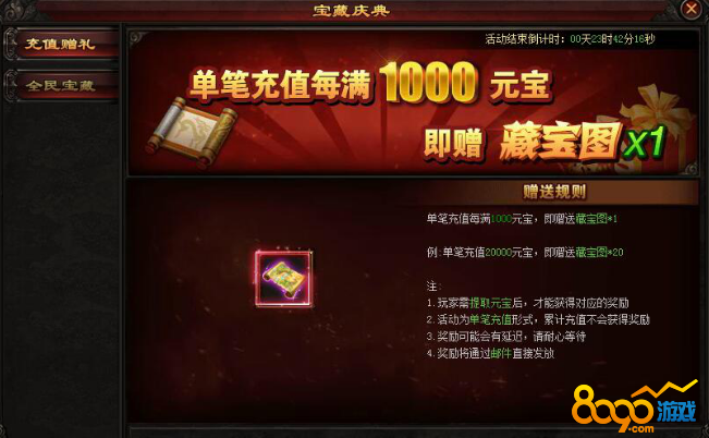 活动期间,单笔充值每满1000元宝,即可获赠藏宝图*1
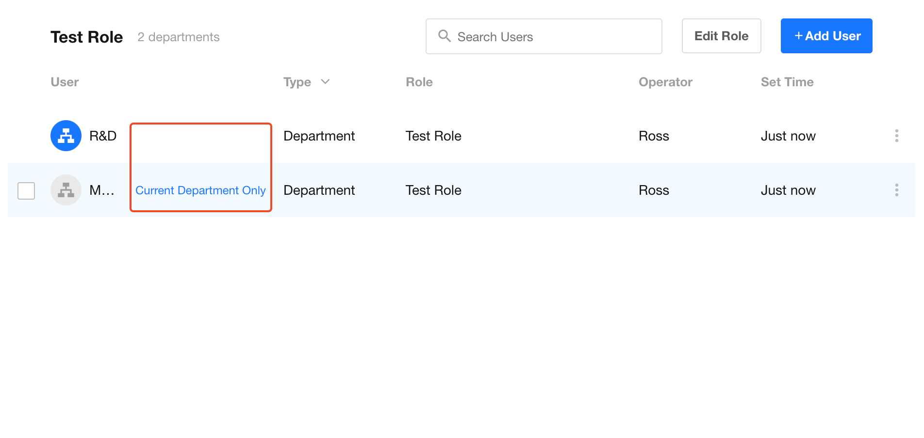 Adding a department to a role means all current members of that department inherit the role permissions. New members added to that department in the future will also automatically receive this role. The same applies when adding an organizational role or job title.
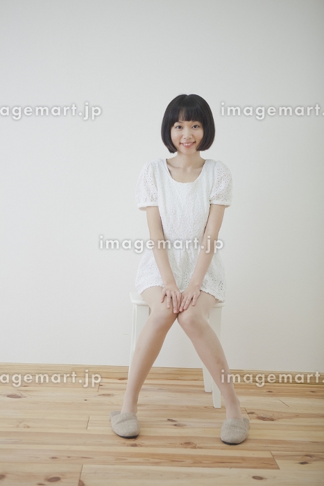 足を組んで椅子に座る日本人女性15931175 の写真素材 - アフロ。
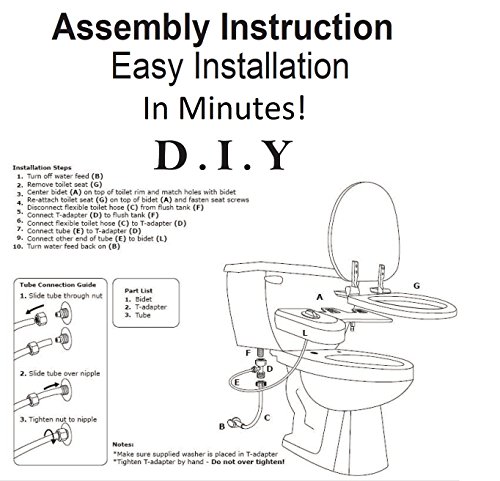 -. Feature : Elegant and Hygienic- Turn Your Ordinary Toilet into a Luxurious Bidet in Just Minutes. / Easy and Quick Self Installation- All Accessories Included, Rust Proof, Non-Electric and Compatible with Virtually All Toilets. / Highest Quality Tested Parts- High-pressure faucet quality valves, metal/ceramic core, and braided steel hoses (instead of traditional plastic). / A Convenient, Healthy and Fresh Alternative to Toilet Paper Leaving You Feeling Fresh and Shower Clean After Every Use. / 1 Year Warranty- Easy Breezy Bidet's are Built to Last and are Backed by a One-Year Manufacturer's Warranty or you get your money back.

________________________

● Exercise
Print once more, exactly, the lines from the one with "足を組んで椅子に座る日本人女性15931175 の写真素材 - アフロ。" through the last line of the data, both ends included, without any pictures.

● Answer to the problem
 足を組んで椅子に座る日本人女性15931175 の写真素材 - アフロ。
 -. Feature : Elegant and Hygienic- Turn Your Ordinary Toilet into a Luxurious Bidet in Just Minutes. / Easy and Quick Self Installation- All Accessories Included, Rust Proof, Non-Electric and Compatible with Virtually All Toilets. / Highest Quality Tested Parts- High-pressure faucet quality valves, metal/ceramic core, and braided steel hoses (instead of traditional plastic). / A Convenient, Healthy and Fresh Alternative to Toilet Paper Leaving You Feeling Fresh and Shower Clean After Every Use. / 1 Year Warranty- Easy Breezy Bidet's are Built to Last and are Backed by a One-Year Manufacturer's Warranty or you get your money back.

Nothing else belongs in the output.